## Introduction

Hello everyone, this kernel will serve as a starting point for many coming from the Coursera course "How to Win a Data Science Competition".
As many of you know, this competition "Predict Future Sales" by Russian software firm 1C Company is part of the final project for the course. 

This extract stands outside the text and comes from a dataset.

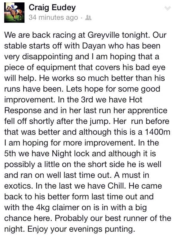 Back to tonight's racing, the poly races look similar to last week with the favorites dominating. Will be playing a treble on Ginger Biscuit (Race 1), Dark Liability (Race 2) and Ho'oponopono (Race 6), Can get around 12/1 on the treble. All three are my bipot bankers.
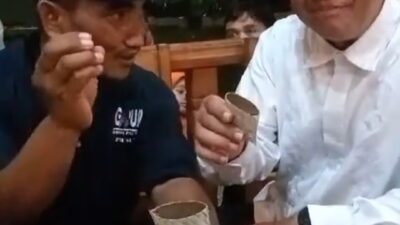 Setelah dibuka, sepotong alame dimakan Capres RI ini, yang dia rasakan manis, yang terbuat dari gula aren asli Mandailing Natal. Tanpa pangawet.

The challenge here is to predict the total monthly sales of a product in each individual shop of a store chain, specifically November 2015. We are given the historical daily sales data from January 2013 to October 2015 in the provided file 'sales_train.csv'. From the training data we are to predict the sales numbers using the data given in 'test.csv', and create a submission file in the same format as 'sample_submission.csv'. Three other csv files are provided to give more insight into the data in the training set.

This kernel serves as the process for one of the exercises given in the course - to simply create a prediction for November 2015 using the exact historical sales data of the previous month, October 2015. The steps taken throughout this kernel may not be the most efficient, but it was my personal workflow of tackling the competition as a beginner data scientist without looking at the other kernels. 

In the future I should do visualizations for my EDA process, but I made some assumptions that the data is relatively clean, haha.

Please feel free to use this kernel as you like.

We will begin by importing the necessary libraries and the datasets.

In [1]:
import numpy as np # linear algebra
import pandas as pd # data processing, CSV file I/O (e.g. pd.read_csv)

import os
print(os.listdir("./"))

['sample_submission.csv', '.ipynb_checkpoints', 'shops.csv', 'test.csv', 'items.csv', 'Untitled.ipynb', 'item_categories.csv', 'sales_train.csv', '01_EDA.ipynb', 'previous-value-benchmark-simple-eda.ipynb']


In [2]:
train = pd.read_csv('sales_train.csv')
test = pd.read_csv('test.csv')
submission = pd.read_csv('sample_submission.csv')
items = pd.read_csv('items.csv')
item_cats = pd.read_csv('item_categories.csv')
shops = pd.read_csv('shops.csv')

### The Benchmark - October 2015 historical sales to predict November 2015
Let's try to create a predictions benchmark by creating a submissions file with the previous month's sales. 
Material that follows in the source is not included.